My thoughts went to Ivy’s files. Her program. Ivy’s clients could count on her absolute discretion—until and unless something happened to her. If she went off the grid, the program started releasing secrets.
“What is uncommon,” Henry commented, “is that John Thomas had somehow managed to get access to his father’s files. I suspect his father had no idea.”
No wonder John Thomas had paled when I’d threatened to tell the congressman what he was up to. It would have been bad enough if John Thomas’s father had simply let the information slip in front of his son, but if John Thomas had acquired the information without the congressman knowing . . .
That wouldn’t have gone well for John Thomas.
“What other information do you think was in those files?” Vivvie asked, wide-eyed. “I mean . . . are we talking about blackmail material, or BLACKMAIL MATERIAL, all caps?” She punctuated those words with an elaborate gesture.
“If I had to venture a guess,” Henry said, “I would go with the latter.”
BLACKMAIL MATERIAL, all caps. Silence fell over the table. Emilia was the one to break it. “If John Thomas had access to his father’s files,” she said, “then we’re not just talking about him having dirt on Hardwicke students.”
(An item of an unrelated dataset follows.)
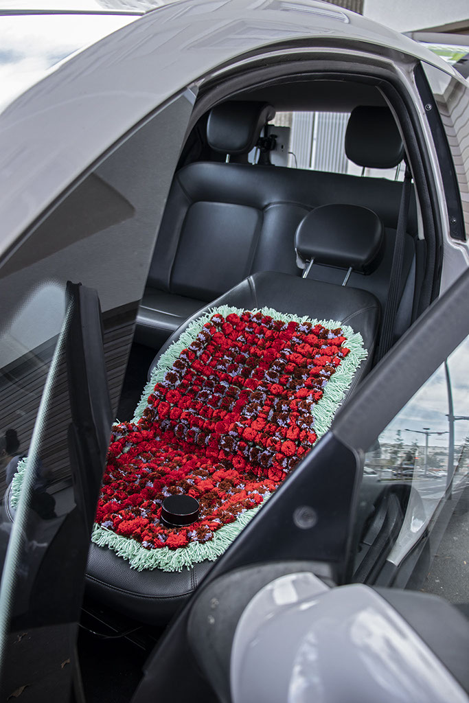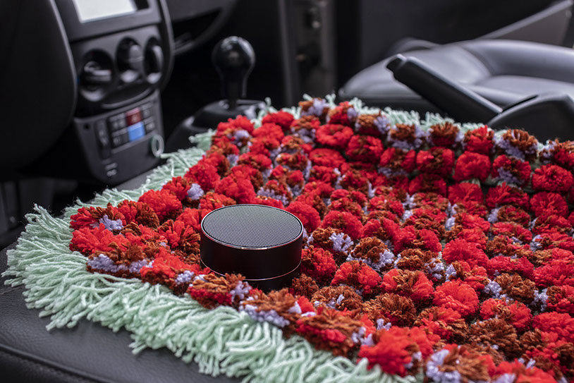 Vasilisa (2019) woolen weave, wifi-speaker with looped sound piece (8' 7") Innate Fuel was an off-site group exhibition that took place in a rental car, curated by Antonin Giroud-Delorme for the 15th Lyon Biennale (FR). My contribution consisted of a woolen seat cover woven on a custom-built loom and a sound piece in which the lyrics of popular RnB tracks were deranged and re-arranged to form new sounds. Contributing artists: Andrea Belosi & Bin Koh, Damien Fragnon, Antonin Giroud-Delorme, Ana Navas, Alice Dos Reis, Caroline Saves, Michelle Son, Ellen Vartun. Full documentation HERE

We were talking about Hardwicke parents, about politicians and lobbyists and power players of all stripes. If John Thomas had opened his mouth . . .
We’re looking for someone with access to Hardwicke, I reminded myself. But I couldn’t help thinking that Ivy had said more than once that Hardwicke was Washington.
And I knew better than most how dangerous this town could be.
CHAPTER 41
“Ashes to ashes, dust to dust.”
John Thomas Wilcox was laid to rest on Saturday morning—less than twelve hours after the party had been busted up. Nearly the entire student body attended the funeral, with their parents in tow. It was a Who’s Who of Washington’s elite, and all I could think was that if John Thomas had read his father’s files, he probably had blackmail material on half the people here.
I wondered if he’d tried to use it.
Beside the open grave, the reverend continued talking, the low hum of his voice assuring us that the Lord worked in unfathomable ways. John Thomas’s family stood a few feet away. His mother was shaking, her shoulders rounded, her body on the verge of crumbling in on itself. Beside her, there were two younger boys: one in his early teens and another who couldn’t have been older than seven or eight.
The congressman stood on the opposite side of the boys, his hands balled into fists at his side. He looked grief-stricken—there was no other word for the lines of sorrow etched into the corners of his eyes and mouth. His whole face looked heavy, like the only thing keeping his skin on his face was the tense set of his jaw.
The congressman is very good at paying attention. John Thomas’s statement—his threat—came back to me, and I thought of the way father and son had interacted in the ballroom that night, the look on John Thomas’s face when Henry had said the word disappointment. Congressman Wilcox might have had a gift for ferreting out the skeletons in other people’s closets, but my gut said that he hadn’t paid attention to his son.